### [What you will do]
Your reply must contain the full listing below, reproduced exactly, but no pictures.

### [Information supplied]
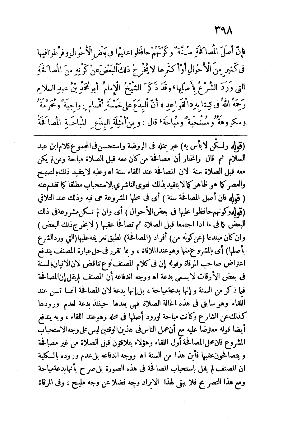 قوله: (ولكن لا بأس به) عبر بمثله في الروضة واستحسن في المجموع كلام ابن عبد السلام ثم قال والمختار أن مصافحة من كان معه قبل الصلاة مباحة ومن لم يكن معه قبل الصلاة سنة لأن المصافحة عند اللقاء سنة اهـ، وعليه لا يتقيد ذلك بالصبح والعصر كما هو ظاهر كما لا يتقيد بذلك فتوى الناشري بالاستحباب مطلقاً كما تقدم عنه. قوله: (فإن أصل المصافحة سنة) أي في محلها المشروعة هي فيه وذلك عند التلاقي. قوله: (وكونهم حافظوا عليها في بعض الأحوال) أي وإن لي تكن مشروعة في ذلك البعض كما في ما إذا اجتمعا قبل الصلاة ثم تصافحا عقبها (لا يخرج ذلك البعض) وإن كان مبتدعاً (عن كونه من) أفراد (المصافحة) لطبق تعريفه عليها (التي ورد الشرع بأصلها) أي بالمشروع منها وهو عند الملاقاة، وبما تقرر في حل عبارة المصنف يندفع اعتراض صاحب المرقاة وقوله إن في كلام المصنف نوع تناقض لأن الإتيان بالسنة في بعض الأوقات لا يسمى بدعة اهـ ووجه اندفاعه أن المصنف لم يقل إن المصافحة فيما ذكر من السنة وإنها بدعة مباحة، بل إنها بدعة لأن المصافحة إنما تسن عند اللقاء وهو سابق في هذه الحالة الصلاة فهي بعدها حينئذٍ بدعة لعدم ورودها كذلك عن الشارع وكانت مباحة لورود أصلها في محله وهو عند اللقاء، وبه يندفع أيضاً قوله معترضاً عليه مع أن عمل النّاس في هذين الوقتين ليس على وجه الاستحباب المشروع فإن محل المصافحة أول اللقاء وهؤلاء يتلاقون قبل الصلاة من غير مصافحة ويتصافحون عقبها فأين هذا من السنة اهـ، ووجه اندفاعه بل عدم وروده بالكلية أن المصنف لم يقل باستحباب المصافحة في هذه الصورة بل صرح بأنها بدعة مباحة ومع هذا التصريح فلا يبقى لهذا الإيراد وجه فضلاً عن وجه مليح، وفي المرقاة
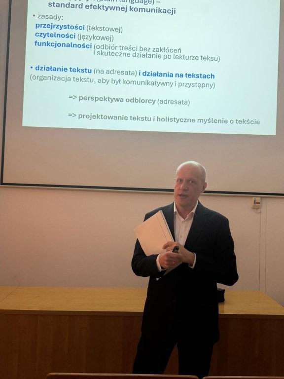 W centrum wystąpienia znalazła się koncepcja prostego języka (plain language) jako współczesnego standardu efektywnej komunikacji instytucjonalnej. Prelegent przedstawił rozwój tej idei w Polsce, wskazując zarówno na jej zakorzenienie w refleksji naukowej, jak i na jej implementacje w praktykach administracyjnych. Omówiono m.in. model teoretyczny M. Hadryan, inicjatywy I Kongresu Języka Urzędowego oraz współczesne podejścia rozwijane w środowiskach akademickich zajmujących się komunikacją publiczną i jej przystępnością.
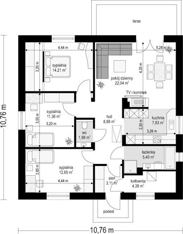 6. Pokój dzienny + jadalnia22,04 m2

### [Answer for the task]
 قوله: (ولكن لا بأس به) عبر بمثله في الروضة واستحسن في المجموع كلام ابن عبد السلام ثم قال والمختار أن مصافحة من كان معه قبل الصلاة مباحة ومن لم يكن معه قبل الصلاة سنة لأن المصافحة عند اللقاء سنة اهـ، وعليه لا يتقيد ذلك بالصبح والعصر كما هو ظاهر كما لا يتقيد بذلك فتوى الناشري بالاستحباب مطلقاً كما تقدم عنه. قوله: (فإن أصل المصافحة سنة) أي في محلها المشروعة هي فيه وذلك عند التلاقي. قوله: (وكونهم حافظوا عليها في بعض الأحوال) أي وإن لي تكن مشروعة في ذلك البعض كما في ما إذا اجتمعا قبل الصلاة ثم تصافحا عقبها (لا يخرج ذلك البعض) وإن كان مبتدعاً (عن كونه من) أفراد (المصافحة) لطبق تعريفه عليها (التي ورد الشرع بأصلها) أي بالمشروع منها وهو عند الملاقاة، وبما تقرر في حل عبارة المصنف يندفع اعتراض صاحب المرقاة وقوله إن في كلام المصنف نوع تناقض لأن الإتيان بالسنة في بعض الأوقات لا يسمى بدعة اهـ ووجه اندفاعه أن المصنف لم يقل إن المصافحة فيما ذكر من السنة وإنها بدعة مباحة، بل إنها بدعة لأن المصافحة إنما تسن عند اللقاء وهو سابق في هذه الحالة الصلاة فهي بعدها حينئذٍ بدعة لعدم ورودها كذلك عن الشارع وكانت مباحة لورود أصلها في محله وهو عند اللقاء، وبه يندفع أيضاً قوله معترضاً عليه مع أن عمل النّاس في هذين الوقتين ليس على وجه الاستحباب المشروع فإن محل المصافحة أول اللقاء وهؤلاء يتلاقون قبل الصلاة من غير مصافحة ويتصافحون عقبها فأين هذا من السنة اهـ، ووجه اندفاعه بل عدم وروده بالكلية أن المصنف لم يقل باستحباب المصافحة في هذه الصورة بل صرح بأنها بدعة مباحة ومع هذا التصريح فلا يبقى لهذا الإيراد وجه فضلاً عن وجه مليح، وفي المرقاة
 W centrum wystąpienia znalazła się koncepcja prostego języka (plain language) jako współczesnego standardu efektywnej komunikacji instytucjonalnej. Prelegent przedstawił rozwój tej idei w Polsce, wskazując zarówno na jej zakorzenienie w refleksji naukowej, jak i na jej implementacje w praktykach administracyjnych. Omówiono m.in. model teoretyczny M. Hadryan, inicjatywy I Kongresu Języka Urzędowego oraz współczesne podejścia rozwijane w środowiskach akademickich zajmujących się komunikacją publiczną i jej przystępnością.
 6. Pokój dzienny + jadalnia22,04 m2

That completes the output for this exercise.